The following is a rough approximation of what's going on 'behind the scenes' when you appendBytes:numero:
typedef struct {
Class isa;
double dbl;
long long ll;
} NSNumber;
NSNumber *numero = malloc(sizeof(NSNumber));
memset(numero, 0, sizeof(NSNumber));
numero->isa = objc_getClass("NSNumber");
void *bytes = malloc(1024);
memcpy(bytes, numero, sizeof(numero)); // sizeof(numero) == sizeof(void *)
This makes it a bit more clear that what you're appending to the NSMutableData object data is the first four bytes of what ever numero is pointing to (which, for an object in Obj-C is always isa, the objects class). I suspect what you "wanted" to do was copy the pointer to the instantiated object (the value of numero), in which case you should have used &numero. This is a problem if you're using GC as the buffer used by NSMutableData is not scanned (ie, the GC system will no longer "see" the object and reclaim it, which is pretty much a guarantee for a random crash at some later point.)
It's hopefully obvious that even if you put the pointer to the instantiated NSNumber object in to data, that pointer only has meaning in the context of the process that created it. A pointer to that object is even less meaningful if you send that pointer to another computer- the receiving computer has no (practical, trivial) way to read the memory that the pointer points to in the sending computer.
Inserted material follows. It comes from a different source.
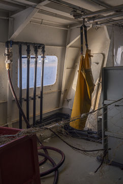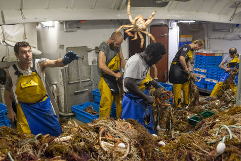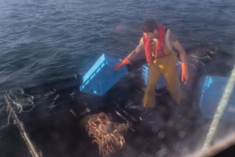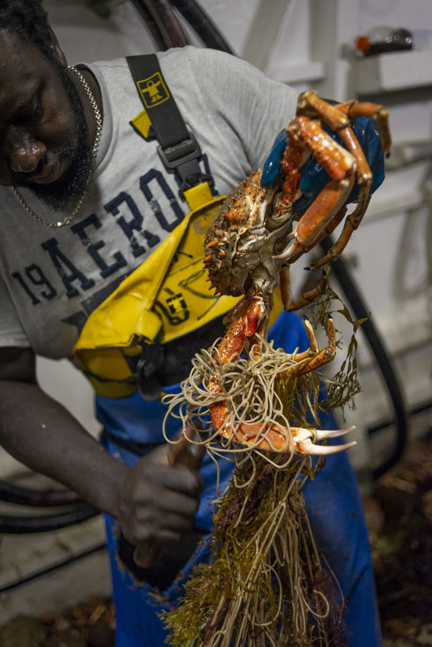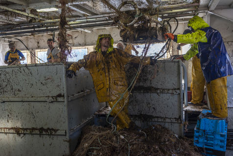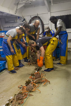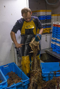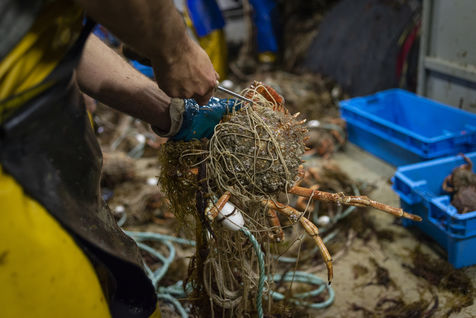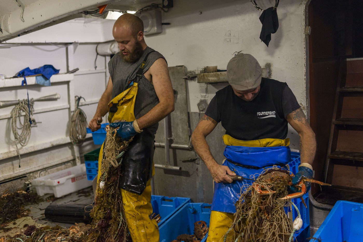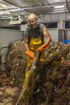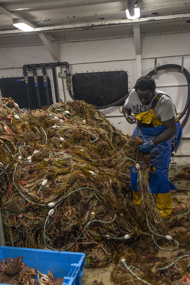 Spider crab's fishing is done with nets, we put down nets of two times 2 kilometers that we come to recover a few days later. The spider crab gets caught in the net and twisted, then it is up to the fishermen to remove them with a tool also called gutter. It is a tiring work, one repeats the same gestures, which in the long run can generate chronic tendinitis while lifting heavy loads. It is a chain job on a boat in the open sea, constantly tossed by the swell. The boat does not leave for more than a day, it returns to port once the objective has been reached.

Since you seem to be having problems with this part of the process, let me make a recommendation that will save you countless hours of debugging some extremely difficult implementation bugs you're bound to run in to:
Abandon this entire idea of trying to send raw binary data between machines and just send simple ASCII/UTF-8 formatted information between them.
If you think that this is some how going to be slow, or inefficient, then let me recommend that you bring every thing up using a simplified ASCII/UTF-8 stringified version first. Trust me, debugging raw binary data is no fun, and the ability to just NSLog(#"I got: %#", dataString) is worth its weight in gold when you're debugging your inevitable problems. Then, once everything has gelled, and you're confident that you don't need to make any more changes to what it is you need to exchange, "port" (for lack of a better word) that implementation to a binary only version if, and only if, profiling with Shark.app identifies it as a problem area. As a point of reference, these days I can scp a file between machines and saturate a gigabit link with the transfer. scp probably has to do about five thousand times as much processing per byte to compress and encrypt the data than this simple stringification all while transferring 80MB/sec. Yet on modern hardware this is barely enough to budge the CPU meter running in my menu bar.